I stood still and cold and never said one word, but a pain hit into my
heart that I didn't know I was strong enough to stand and still live.

"When did you find it out?" I asked; and I was surprised at the cool
note that sounded in my voice and made it like Father's when he talks
business.

"Just now," he answered me over Roxanne's head that was buried on his
shoulder. "I stopped down-town to help Judge Luttrell with a brief
that he was writing and came home only a few minutes ago. The thief
was in the shed between the time I went on the hay ride and now. I was
in the shed just before I started."

I don't know how I said good-night to them; but I did the best I
could, and came home through the moonlight with a great heaviness of
heart and feet. I dreaded to see Father, and yet longed for him in a
way I never did before in all my life. If anything awful is true, then
he is more mine than ever. But it can't be! And when I looked for him
I found him - in a way I never had before. He was standing at my
mother's door and the great big man was crying just like a girl, with
his shoulders shaking and big sobs coming.

"Bess, Bess," he sobbed Mother's name under his breath, "she's going
to be a grown woman and I don't know what to do without you. Ten long
years. Oh, Bess!"

Yes, I suppose I'm nearer a grown woman than most girls of my age, and
I'm tall enough to take a big man in my arms, which are so long and
thin as to be a joke, and hold him close enough to make the sobs stop
coming.

"Now, Phil, I leave it to you if you are not enough to upset any man,
with your moonlight picnics and folderols," Father said, in just a few
seconds from the time I hugged him up. He was both laughing and
sniffling into his handkerchief at the same time, and I had a lovely
Lovelace Peyton feeling about him, because he looked so young and
ashamed of himself for being caught crying.

"I'm just as much your son as I ever was, Father," I said with a gulp
and a lump in my own throat. "I'm never going to be a daughter, if you
don't want one."

"I do, Phyllis, I do; but I want the son-girl sometimes, too.
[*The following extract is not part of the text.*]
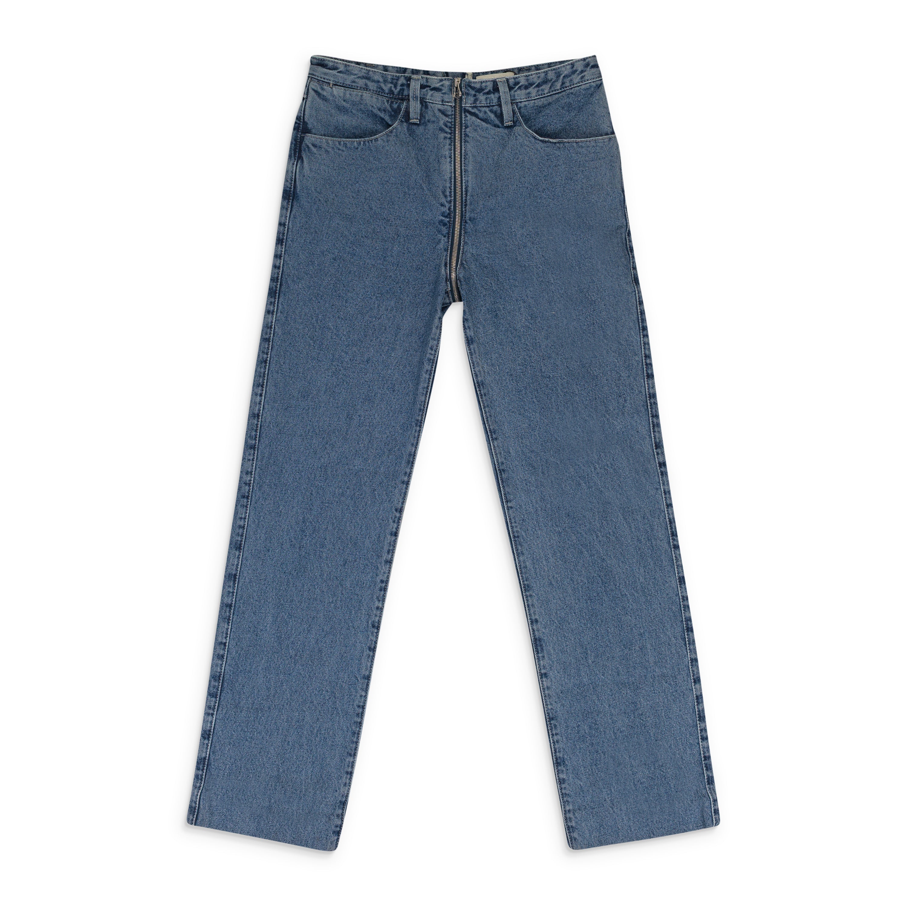BLUE ZIP THROUGH STRAIGHT-FIT JEANS
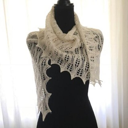 The lace is charted. The chart is large and easy to read. Complete directions on working from the simple chart are included as is a row-by-row direction for knitting the shawl. Shaping is accomplished with simple wraps and turns. Complete directions are included along with an illustration.

You go
to bed." And with a sound hug that nearly broke my ribs, as neither he
nor I were used to them, he went into his room and shut his door
decidedly.




CHAPTER VI


A serious disposition can make more trouble for itself by its own
seriousness than all the misfortunes that come can make for it. If I
had just a little touch of Roxanne Byrd's foamy spirits, I would be a
much more comfortable companion for myself. All night I lay awake,
anchored in the middle of the huge old Byrd bedstead, and sorrowed
over the misfortune that had come to Roxanne and the Idol. Over and
over I went in my mind to see where I could clear Mr. Rogers of my
suspicions until my thoughts were so pale in color that I could hardly
make them out, and at last I fell asleep in despair.

In the morning I dressed so slowly that it was nine o'clock before I
was buttoned into my dress and felt that I could go over and help
Roxanne bear the calamity. It was Saturday, so I knew she would need
help in doing all the things she leaves undone until this blessed day
of relief from school cares and responsibilities comes.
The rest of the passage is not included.